Jika Bunda ingin memberikan jenis makanan baru untuk si Kecil, lakukanlah secara bertahap dan selalu sertakan minimal satu makanan favoritnya bersama makanan baru tersebut.

Selain itu, siapkan juga jenis makanan baru seperti potongan buah mangga, melon, apel, dan lainnya  untuk dikonsumsi pada jam-jam lapar, sehingga anak lebih mau menerima makanan baru tersebut. 

4 dari 4 halaman

7. Sediakan Camilan Sehat dan Menarik

Anak-anak mudah sekali tertarik dengan makanan cepat saji yang umumnya tinggi akan kalori, gula dan lemah. Seperti permen, fast food, soda, coklat, kerupuk dan sebagainya. 

Agar anak tidak memiliki ketergantungan dengan makanan itu, Bunda perlu menyediakan camilan alternatif berupa makanan sehat yang mudah dijangkau. Terlebih anak-anak suka dengan makanan bentuk yang menarik. Sediakan potongan buah yang mudah dikunyah (seperti melon, semangka, beri, dll) dengan yoghurt atau potongan sayur. 

8. Perhatikan Kondisi Anak

Pastikan bahwa si Kecil sedang lapar, tidak terlalu lelah, atau mengantuk sebelum makan. Hindari pemberian makanan kecil 2 jam sebelum waktu makan agar ia tidak terlalu kenyang saat tiba waktu makan besar.
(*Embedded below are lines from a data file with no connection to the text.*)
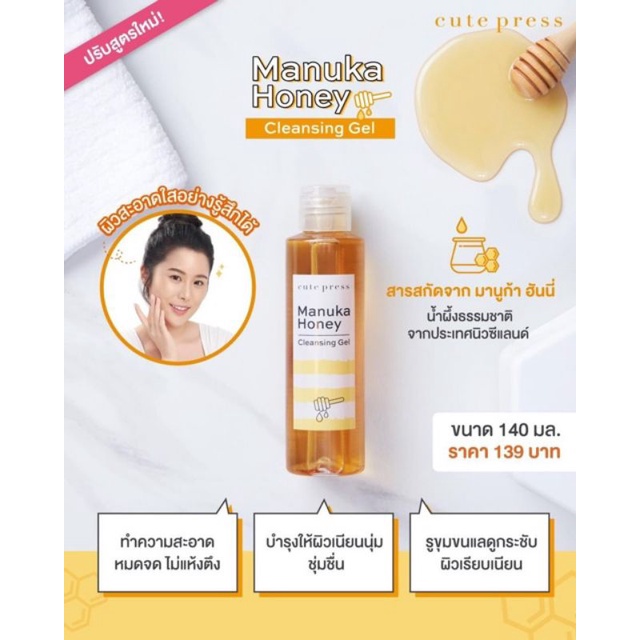 เจลล้างหน้า มานูก้า ฮันนี่ เคล็นซิ่ง เจล คิวท์เพรส CUTE PRESS MANUKA HONEY CLEANSING GEL 160มล.
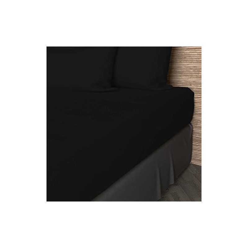 - Fitted Sheet Cotton 57 Thread Count 140 x 200 cm Plain Black
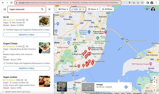 Open a new tab with Google Maps. Search for Lisbon, Portugal -> Vegan restaurant and then filter your results by best reviewed 4.5+ 🌟. These are the vegan places of our interest, the best of the best. We will be collecting data on each of these vegan spots by simply using the URL provided at the top. After the search part is complete, all we have to do here is just copy that URL.
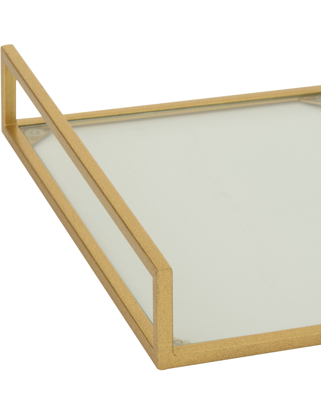 Plateau de service moderne chic Rectangulaire 2 poignées en Verre Transparent Métal Doré Irinia (Lot de 2) - 6
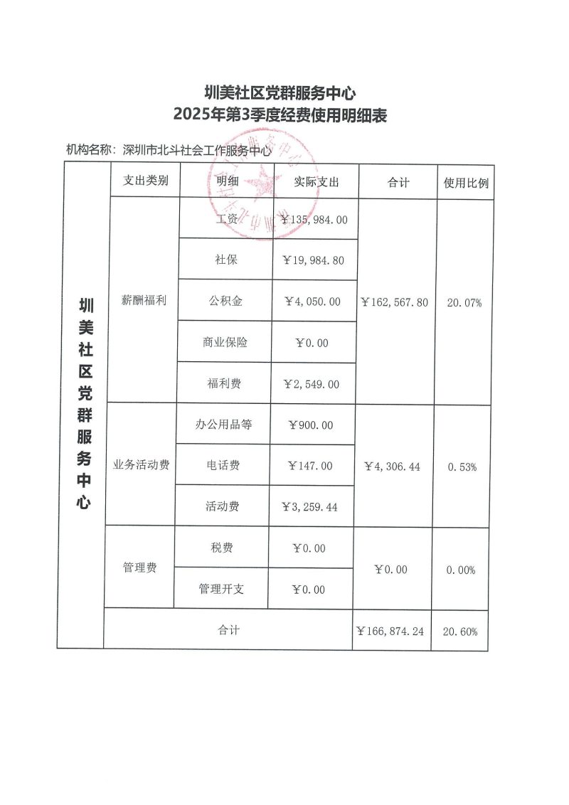 圳美社区党群服务中心2025年第3季度经费使用明细表
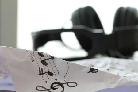 Sheets with music notes and headphones. Compose music concept
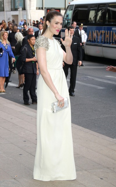 I am partial to capped sleeves. They are flattering on most people. Even more so when they’re tricked out like this on Mandy Moore. She’s tall so she carries the length of this very well.
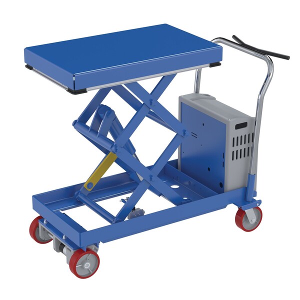 The traction drive electric Hydraulic elevating carts make maneuvering heavy loads virtually effortless. A twist style throttle with reverse facilitates the maneuverability of this cart. The push of a button will raise and lower the platform. Includes two (2) 12V battery system with a 115V AC on-board charger and battery charge indicator. Standard features include: powered front industrial 6" x 2" poly-on-steel drive wheels.
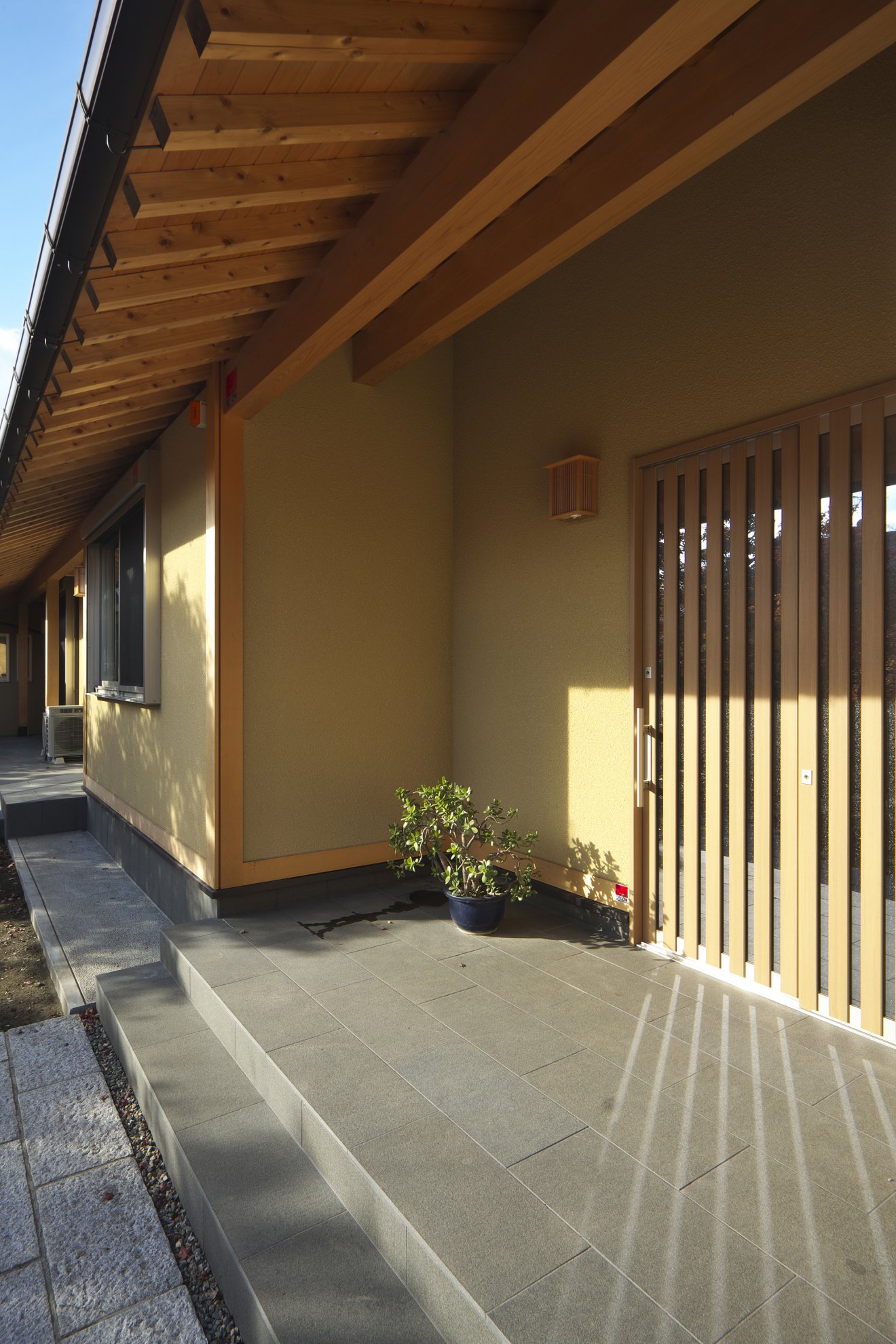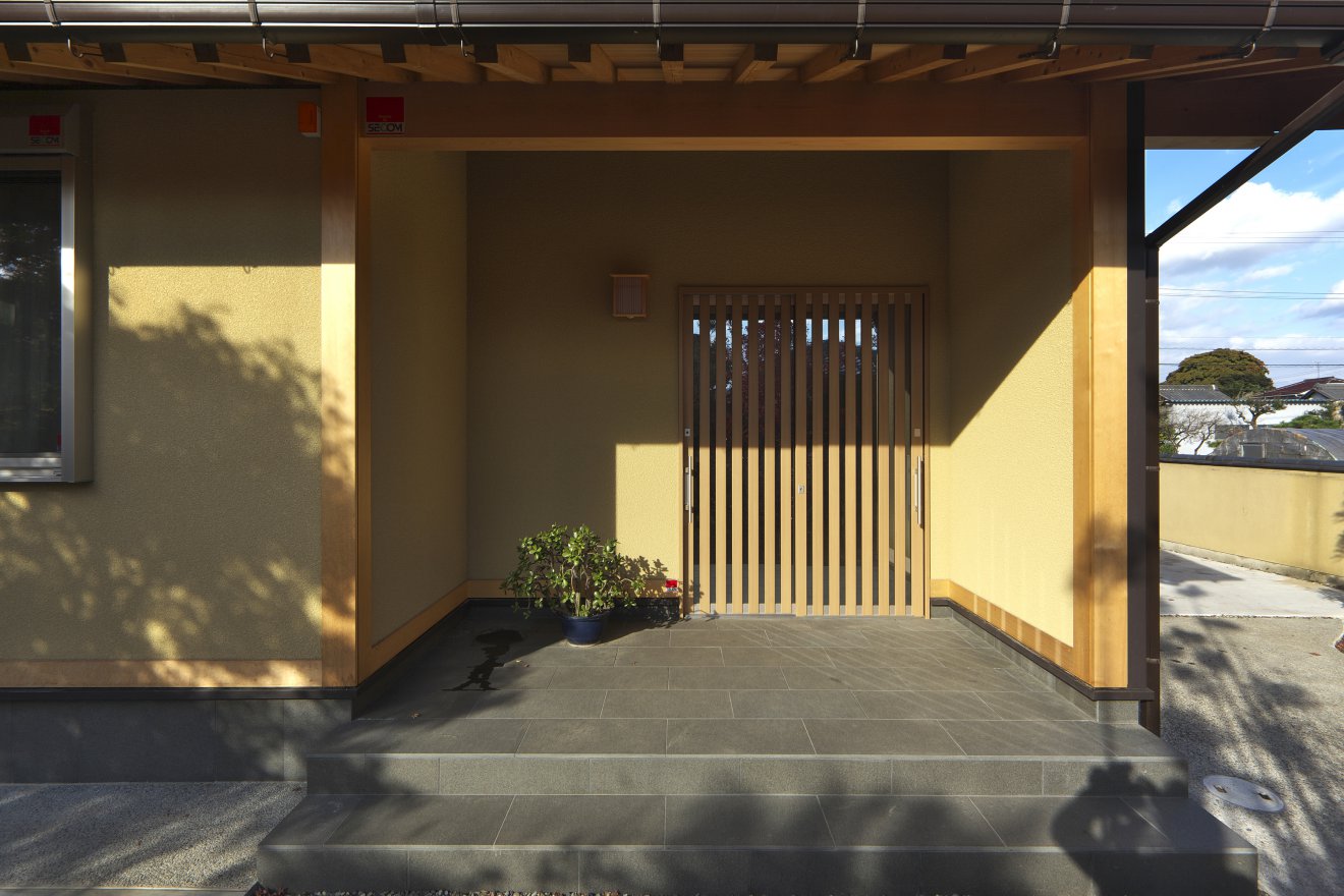 【玄関】玄関は大きく開く引き戸を採用し、軒を深くすることで陽差しをコントロールする日本家屋の良さも取り入れました。
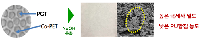 기존 비건 스웨이드 소재 제조 시 가장 큰 기술적인 문제는 가죽의 표면감을 구현하기 위해 폴리에스터계 극세섬유를 사용하는데 있어 알칼리 감량공정에 의해 알칼리 이용성 수지뿐만 아니라 폴리에스터 섬유까지 일부 감량되어 원단의 극세사 밀도를 높이는 데 한계가 있다는 점이었다. 또한, 낮은 극세사 밀도를 보완하기 위해서는 폴리우레탄 수지의 사용량이 늘어날 수밖에 없는데 이로 인해 원단의 내광성이 낮아 고품질의 제품을 제조하기 어려웠다.
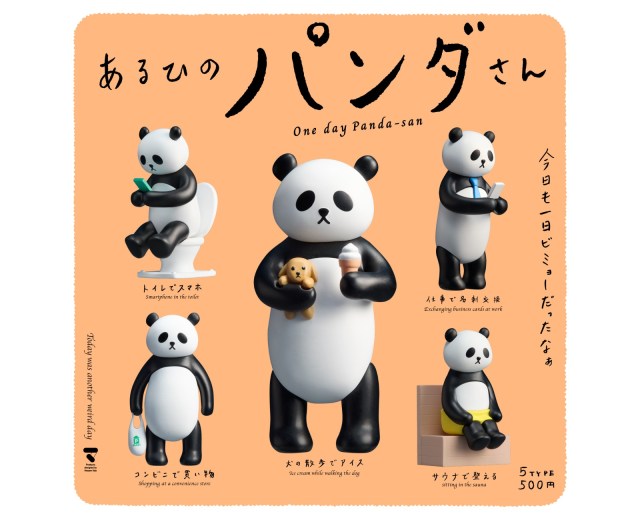 カプセルトイアーティスト・飯田マサミさんによるカプセルトイシリーズ第2弾。トイレでスマホを触る、仕事で名刺を交換する、サウナでぼんやりするなど、私たちの日常のワンシーンが、パンダを通して全5種類で擬人化表現されています♪
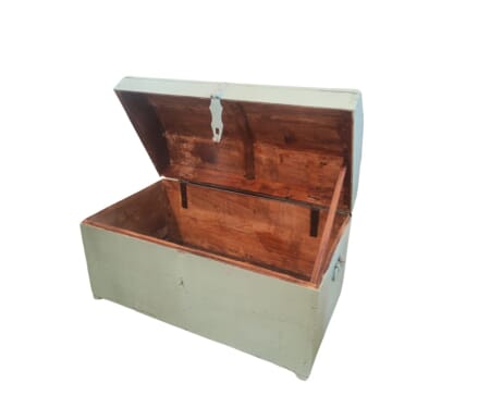 Immaginalo sotto una finestra, accanto a una poltrona o ai piedi del letto: un tocco romantico e ordinato che aggiunge carattere e armonia. Che tu voglia riporvi plaid, libri o ricordi, questo baule celeste saprà custodirli con stile.
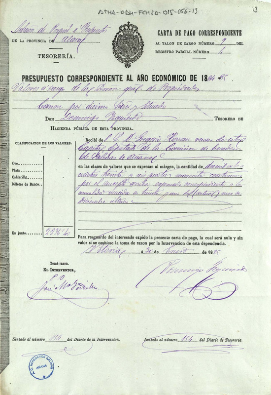 Carta de pago de 2.836,41 pesetas otorgada por Tesorero de la Hacienda Pública de la provincia de Álava, Domingo Izquierdo, en favor de Gregorio Herrán, como Diputado de la Comunidad de Herederos de las salinas de Añana, en concepto del canon del Diezmo Señor y Situado de 1884
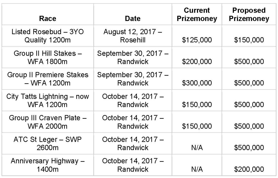 massive jump in Spring carnival prizemoney for Sydney races.
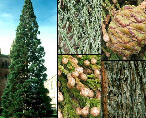 Descripción: Árbol de gran talla, que puede alcanzar los 100 m de altura, aunque sin superar a las secoyas rojas. Corteza muy gruesa, fibrosa, profundamente agrietada, ligera, de color marrón rojizo. Copa estrecha y piramidal en las primeras edades, con ramificaciones primarias inclinadas hacia abajo. Con la edad se hace irregular. Hojas diferentes sobre las ramillas largas y sobre las ramillas cortas. Sobre las ramillas largas son aleznadas, con la base ensanchada. Sobre las ramillas cortas son aleznadas y con ápice puntiagudo, rígido, no recurvado hacia el ramillo, de 3-8 mm de longitud. Su color es verde oscuro. Conos ovoides de 4-8 cm de longitud, tardando dos años en madurar y persistiendo después varios años en el árbol. Escamas leñosas con escudete rugoso, con una depresión y una punta caediza en dicha depresión. Cultivo y usos: Vegeta bien en zonas altas con humedad atmósférica. Se multiplica por semillas, que deben estratificarse durante 30-40 días. Las variedades se multiplican por injerto. Requiere suelos profundos y frescos, no vegetando en los calizos. Se utiliza como ejemplar aislado. |

Saat makan, Bunda juga perlu tahu reaksi ketika si Kecil akan muntah. Refleks muntah merupakan refleks normal tubuh untuk mencegah tersedak. Refleks tersebut dapat muncul pada beberapa kondisi. 

Misalnya, apabila si Kecil makan terlalu cepat, jika dalam mulutnya terdapat terlalu banyak makanan, jika anak tidak menyukai tekstur atau rasa dari makanan yang masuk, atau jika ada benda asing yang tidak seharusnya berada di dalam mulut.

Untuk menghindarinya, posisikan agar anak tenang selagi makan, jangan berlari-lari ketika makan, berikan porsi makanan secukupnya, dan perhatikan ukuran makanan yang masuk.

9. Bersikap Fleksibel dan Sabar

Seperti halnya orang dewasa, anak-anak juga dapat merasa bosan pada suatu jenis makanan. Akan tetapi, anak belum mampu untuk menunjukkan penolakannya secara verbal, sehingga ia cenderung diam, pergi, atau melakukan tindakan lain yang dapat membuat Bunda kadang menjadi kesal. 

Kunci yang terpenting dalam menghadapi anak susah makan adalah perbanyak kesabaran dan keuletan. Apabila merasa kebingungan dan putus asa, Bunda bisa meminta bantuan dari tenaga profesional seperti psikolog anak dan dokter anak.